IN THE HIGH COURT OF SOUTH AFRICA

GAUTENG DIVISION, PRETORIA




(1) REPORTABLE: YES / NO

(2) OF INTEREST TO OTHER JUDGES: YES / NO

(3) REVISED


______________________ _____________________

DATE SIGNATURE



CASE NUMBER: 24580/2019



THUBAKGALE MADIMETJA LUCAS Plaintiff


And



PRASA Defendant

_______________________________________________________________________ Delivered: This judgment was prepared and authored by the Judge whose name is reflected and handed down electronically by circulation to the parties/their legal representatives by email and by uploading it to the electronic file of this matter on Caselines. The date of judgment is deemed to be 13 June 2023 at 10h00


JUDGMENT

_______________________________________________________________________


MAKAMU AJ:


INTRODUCTION

[1] The Plaintiff, Mr Madimetja Lucas Thubakgale who is by combined summons, claim from the Defendant, Passenger Rail Agency of South Africa (PRASA) payment of money in compensation for loss of future income, future medical expenses and general damages for a total amount of R950 000 (Nine hundred and fifty thousand rand)
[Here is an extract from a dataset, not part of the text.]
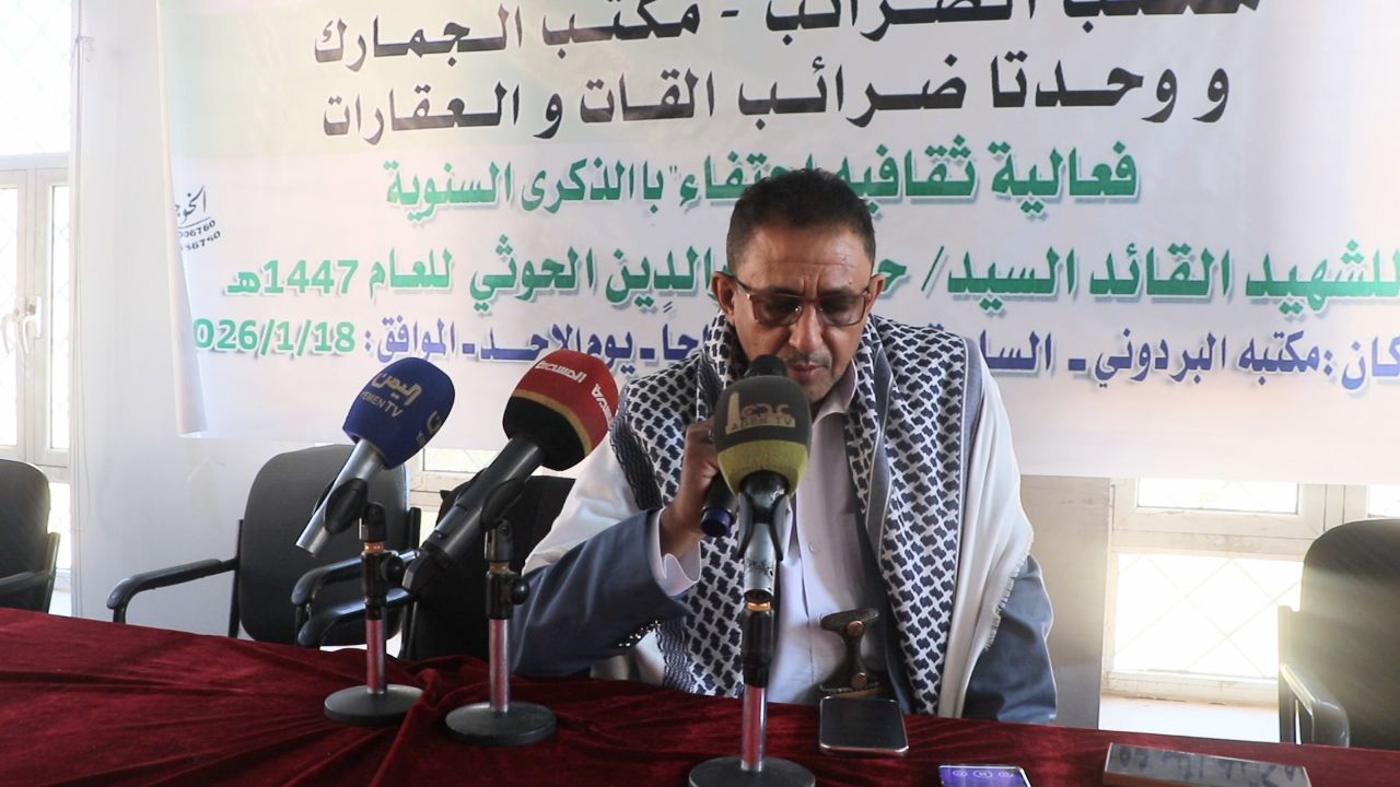 من جهته أوضح مدير عام الضرائب بالمحافظة علي حاتم ان الشهيد القائد حمل على عاتقة راية الحق والجهاد والدين والهدى في الوقت الذي وقف فيه حكام الامة في حالة خضوع وذل وهوان.

Parties by agreed to seperate issues, the Court to deal with the merits and quantum was to be determined at a later stage, followed by an order of this Court. The quantum was postponed sine die. The Plaintiff led the evidence of one witness being the plaintiff himself.


[2] Mr Madimetja Lucas Thubakgale testified that he was employed by City of Tshwane stationed at Mamelodi West in roads and storm water section. He took a bus from Soshanguve Block X to Mabopane train station, he arrived at 4h20am. He waited for the train at platform 8. However, when the train came, entered at platform 5. He together with other commuters moved to platform 5 to board the train. When he was about to reach the train, he was tripped by unknown individual or individuals who were part of the commuters that made him to fall down.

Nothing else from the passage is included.